■ **Assigned task**
Where the data below begins, start retyping exactly, and end on the line with "Wielkość motywu mandali", which is included; no picture goes in.

■ **Provided data**
---*---

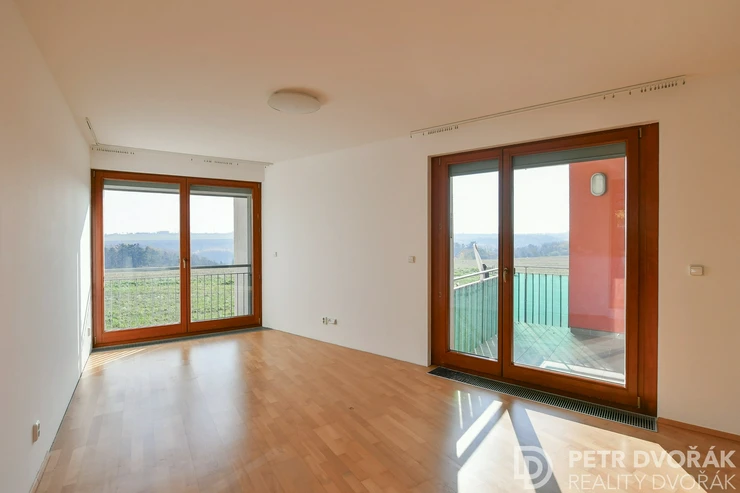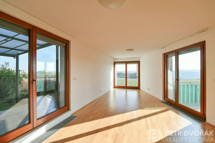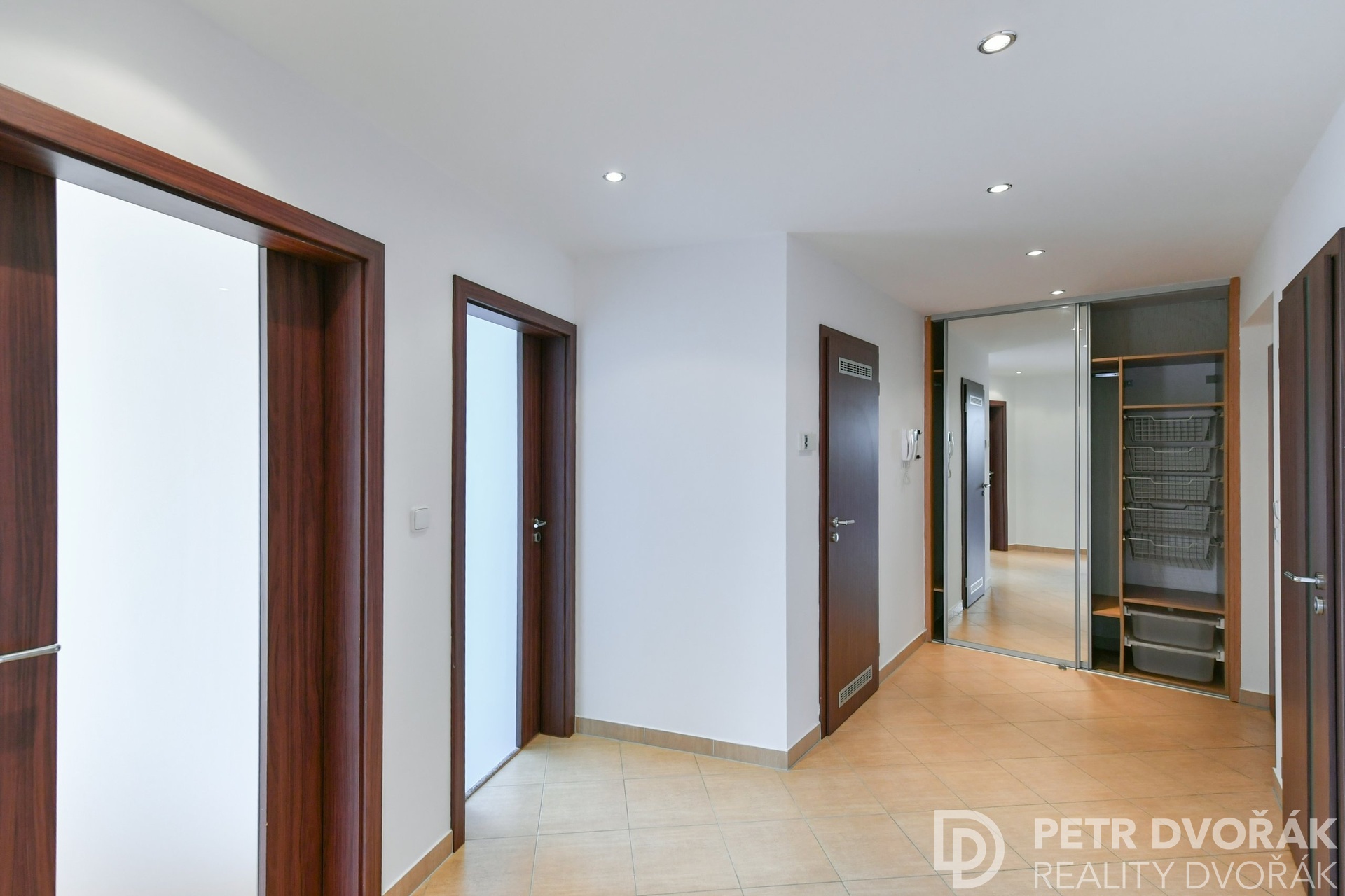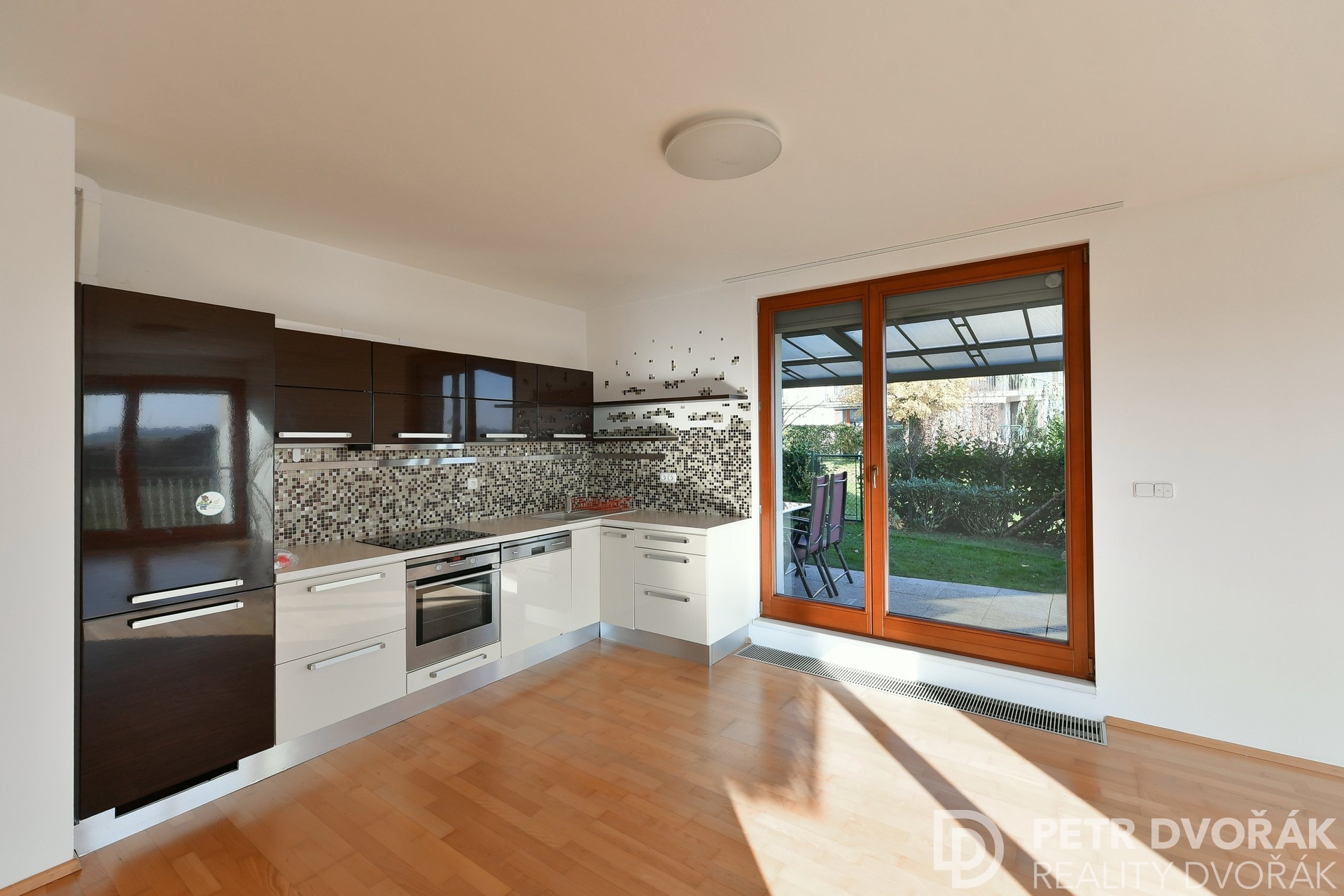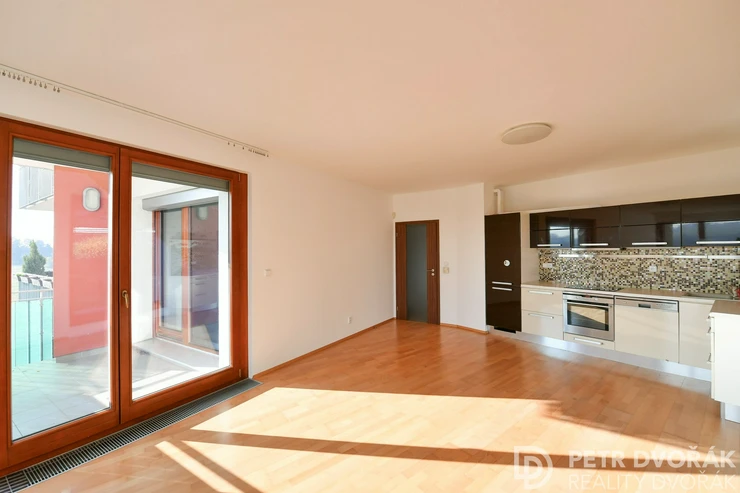 Bright apartment with a balcony, garden terrace, and two garage parking spaces, located on the first floor of a modern residential project on Nad Dalejským údolím Street in a quiet residential area of Prague 5 – Stodůlky.
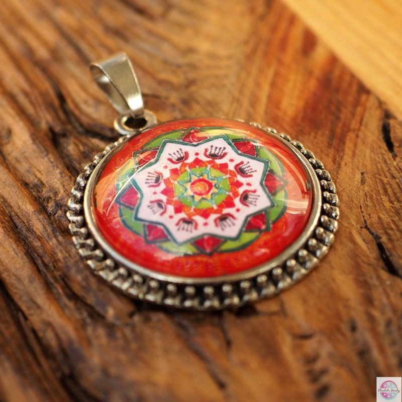 Wielkość motywu mandali 30 mm. Wielkość całego medalionu ok. 37 mm.
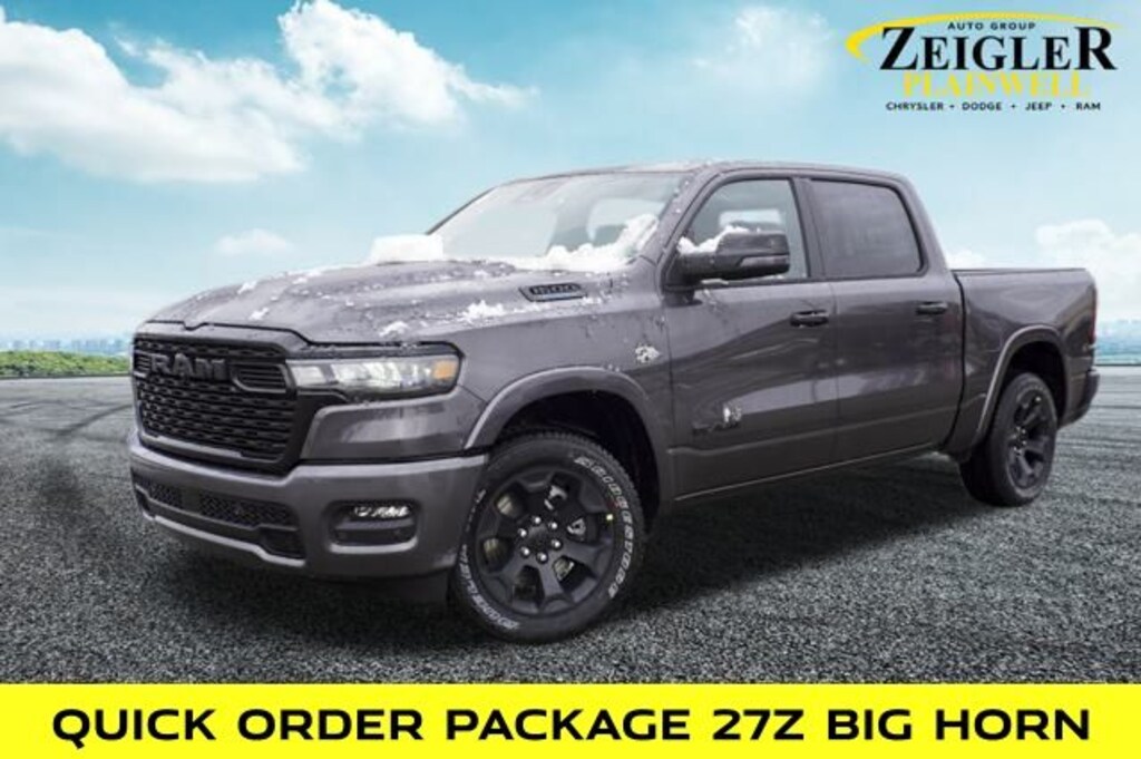 Recent Arrival! Granite Crystal Metallic Clearcoat 2026 Ram 1500 Big Horn/Lone Star 4WD 8-Speed Automatic HEMI 5.7L V8 Multi Displacement VVT eTorque 115V Auxiliary Power Outlet, 2nd Row in Floor Storage Bins, 3 Rear Seat Head Restraints, 4 Way Front Headrests, 400W Inverter, Accent Color Door Handles, Accent Color Premium Power Mirrors, Accent Color Tailgate Handle, Anti-Spin Differential Rear Axle, Auto Power-Folding Mirrors, Auto-Dimming Exterior Driver Mirror, Auto-Dimming Rear-View Mirror, Big Horn Level 1 Equipment Group, Black Exterior Mirrors, Black Exterior Truck Badging, Black Headlamp Bezels, Black Interior Accents, Black Painted Exterior Mirrors Caps, Black Premium Power Mirrors, Black Tail Lamp Bezels, Body Color Fender Flares, Body Color Front Bumper, Body Color Rear Bumper with Step Pads, Brake assist, Bucket Seats, Center Console Parts Module, Convex Wide-Angle Exterior Mirror Insert, Deluxe Cloth Bucket Seats, Dual Exhaust with Black Tips, Electronic Stability Control, Exterior Mirrors Courtesy Lamps, Exterior Mirrors with Heating Element, Exterior Mirrors with Supplemental Signals, Front Seat Back Map Pockets, Full Length Floor Console, Glove Box Lamp, Grille Black Surround Black Mesh, Heated Front Seats, Heated Steering Wheel, Leather Wrapped Steering Wheel, Manual Adjust 4-Way Front Passenger Seat, Night Edition, ParkView Rear Back-Up Camera, Power 2-Way Driver Lumbar Adjust, Power Adjust 8-Way Driver Seat, Power Adjustable Pedals, Quick Order Package 27Z Big Horn, Radio: Uconnect 5 W with 8.4" Display, RAM Grille Badge - Black, Rear 60/40 Folding Seat, Rear Center Armrest, Rear Dome with on/Off Switch Lamp, Rear Power Sliding Window, Rear Window Defroster, SiriusXM Radio Service, SiriusXM Satellite Radio, Steering Wheel Mounted Audio Controls, Sun Visors with Illuminated Vanity Mirrors, Trailer Brake Control, Universal Garage Door Opener, Wheels: 20" x 9.0" Aluminum Painted Clad.

---*---

■ **Result of the exercise**
 Bright apartment with a balcony, garden terrace, and two garage parking spaces, located on the first floor of a modern residential project on Nad Dalejským údolím Street in a quiet residential area of Prague 5 – Stodůlky.
 Wielkość motywu mandali 30 mm. Wielkość całego medalionu ok. 37 mm.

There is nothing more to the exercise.